**EXERCISE INSTRUCTIONS:** Leave the images aside and copy out the whole listing, exact to the word.

**SUPPLIED INFORMATION:**
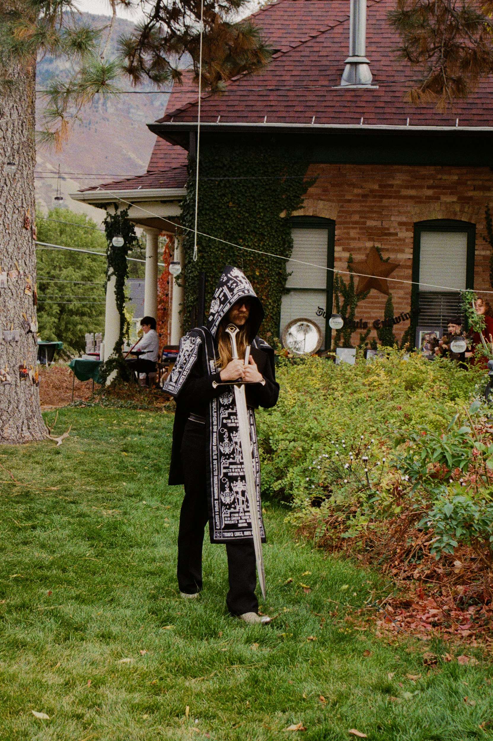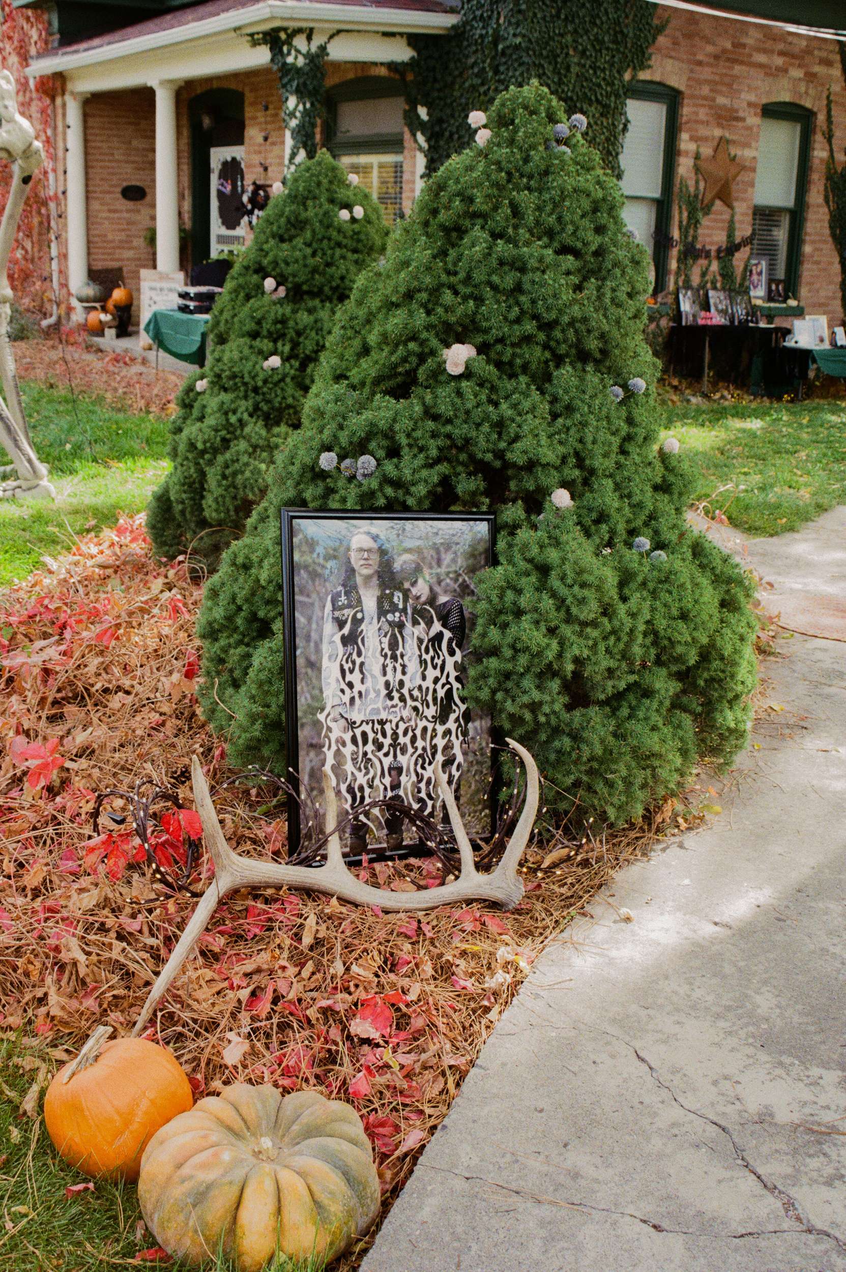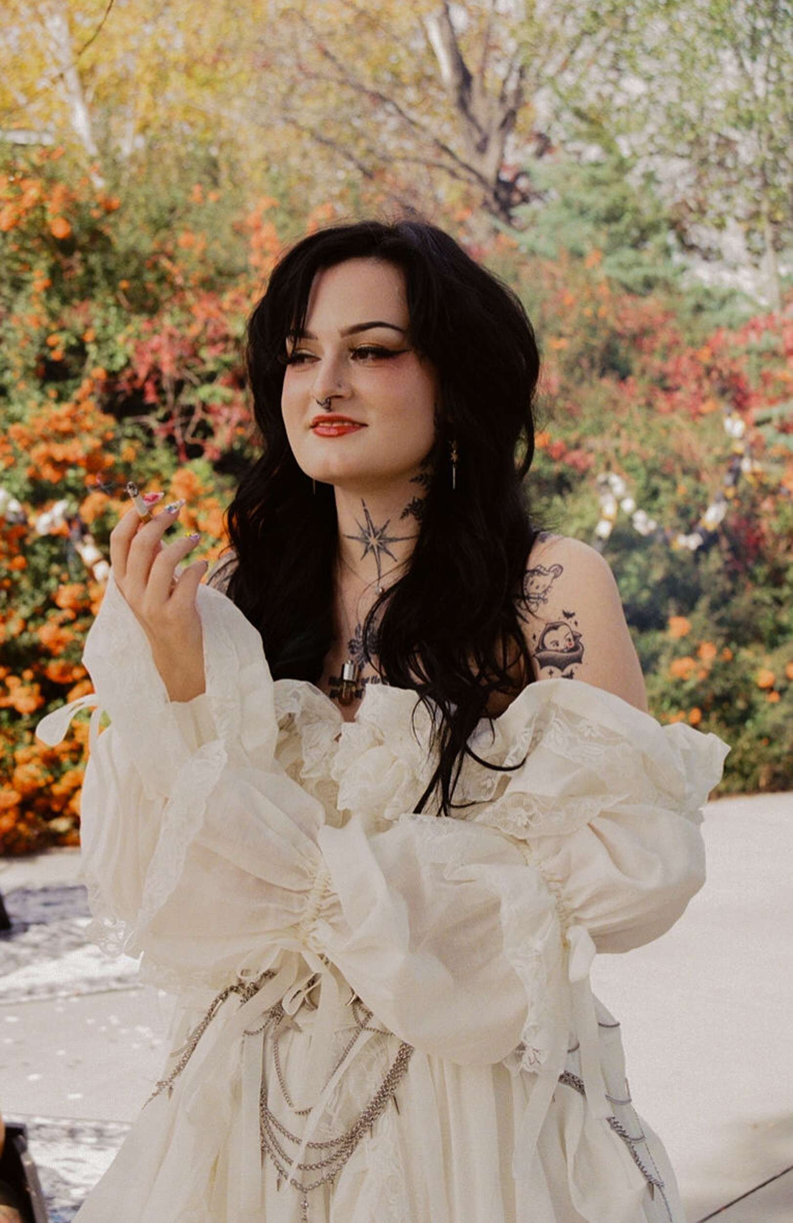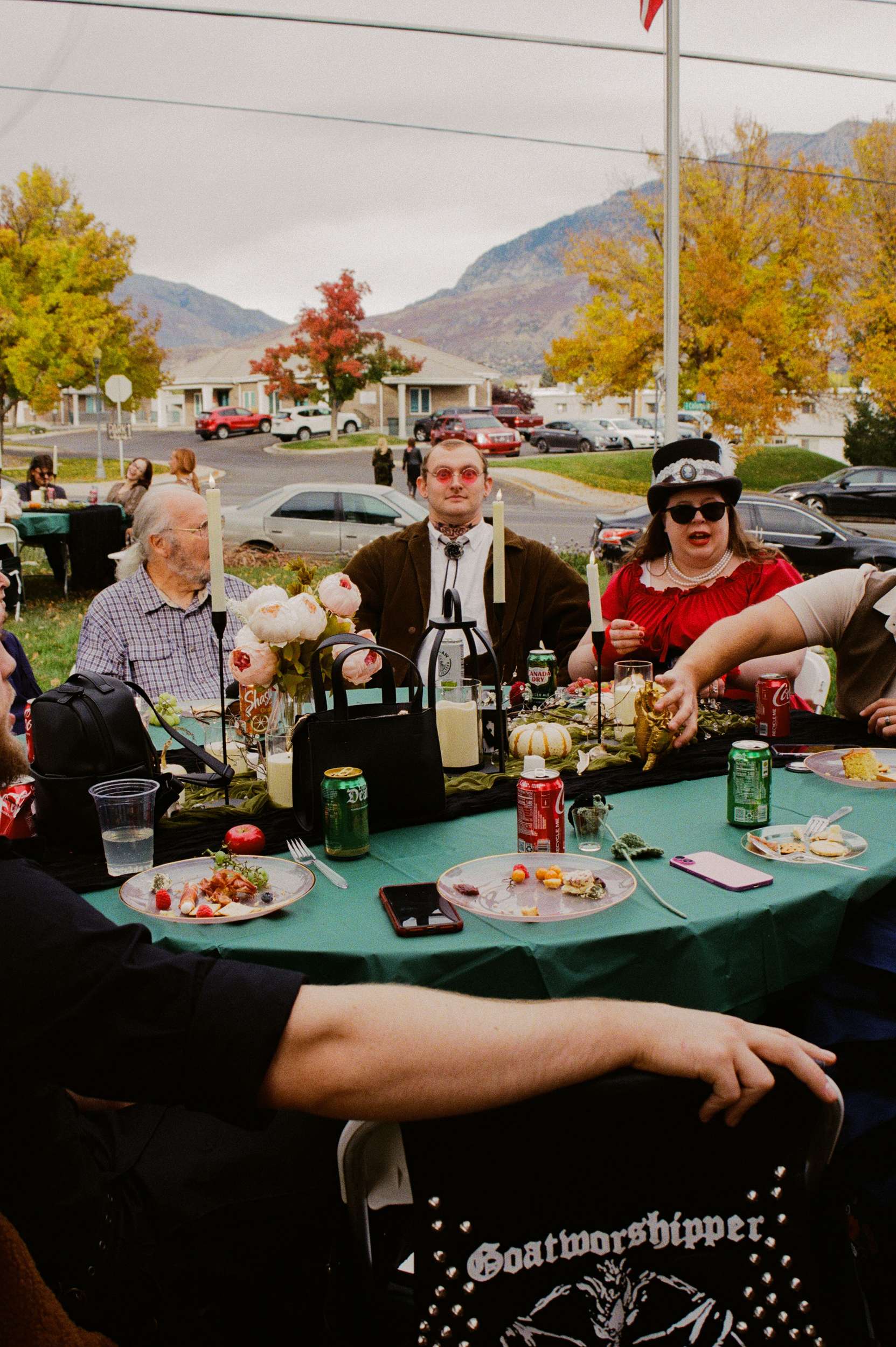 Amelia wore a Selkie dress with a custom cathedral-style chainmail belt, creepers, floral details and embroidered shoes. Bryson wore a handmade leather biker jacket, studded, patched and embroidered by hand, finished with Demonia creepers. The looks felt lived-in and personal, not styled for anyone else’s approval.
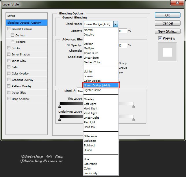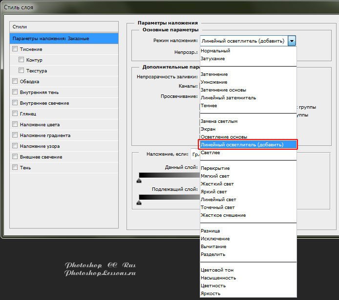 | Blending Option - Blend Mode - Linear Dodge (Add) (Параметры наложения- Режим наложения- Линейный осв. (добавить))Перевод и месторасположение Blending Option - Blend Mode - Linear Dodge (Add) (Параметры наложения - Режим наложения - Линейный осветлитель (добавить)) на примере Photoshop CC (Eng/Rus). Узнать как перейти в Blending Option (Параметры наложения / Окно «Стиль слоя» (Layer Style)) можно в материале по ссылке - «Как перейти в Blending Option (Параметры наложения) в Фотошопе». На изображениях ниже вы можете наглядно увидеть месторасположение и перевод Blending Option - Blend Mode - Linear Dodge (Add) (Параметры наложения - Режим наложения - Линейный осветлитель (добавить)) на примере Английской и Русской версии Photoshop CC (2014). ![]() ![]() Про режимы наложения слоев можно почитать в материале - «Режимы наложения слоев (Blending Modes)». |
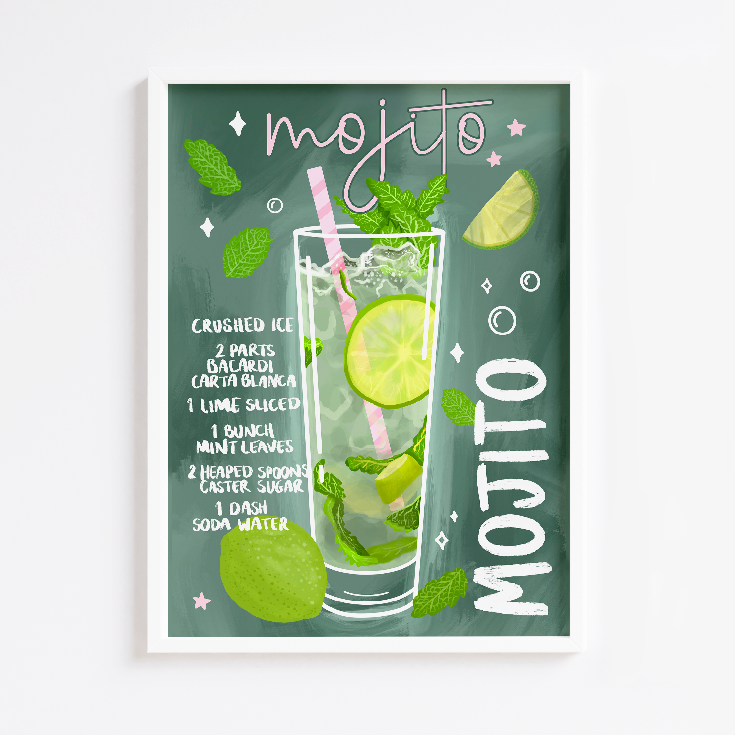 MojitoåÊcocktail print with recipe! Original hand-drawn illustration by me. This would be perfect for the kitchen or above your at home cocktail bar! It would also make the perfect gift for any lover of this drink!

**EXERCISE RESPONSE:**
 Amelia wore a Selkie dress with a custom cathedral-style chainmail belt, creepers, floral details and embroidered shoes. Bryson wore a handmade leather biker jacket, studded, patched and embroidered by hand, finished with Demonia creepers. The looks felt lived-in and personal, not styled for anyone else’s approval.
 | Blending Option - Blend Mode - Linear Dodge (Add) (Параметры наложения- Режим наложения- Линейный осв. (добавить))Перевод и месторасположение Blending Option - Blend Mode - Linear Dodge (Add) (Параметры наложения - Режим наложения - Линейный осветлитель (добавить)) на примере Photoshop CC (Eng/Rus). Узнать как перейти в Blending Option (Параметры наложения / Окно «Стиль слоя» (Layer Style)) можно в материале по ссылке - «Как перейти в Blending Option (Параметры наложения) в Фотошопе». На изображениях ниже вы можете наглядно увидеть месторасположение и перевод Blending Option - Blend Mode - Linear Dodge (Add) (Параметры наложения - Режим наложения - Линейный осветлитель (добавить)) на примере Английской и Русской версии Photoshop CC (2014). ![]() ![]() Про режимы наложения слоев можно почитать в материале - «Режимы наложения слоев (Blending Modes)». |
 MojitoåÊcocktail print with recipe! Original hand-drawn illustration by me. This would be perfect for the kitchen or above your at home cocktail bar! It would also make the perfect gift for any lover of this drink!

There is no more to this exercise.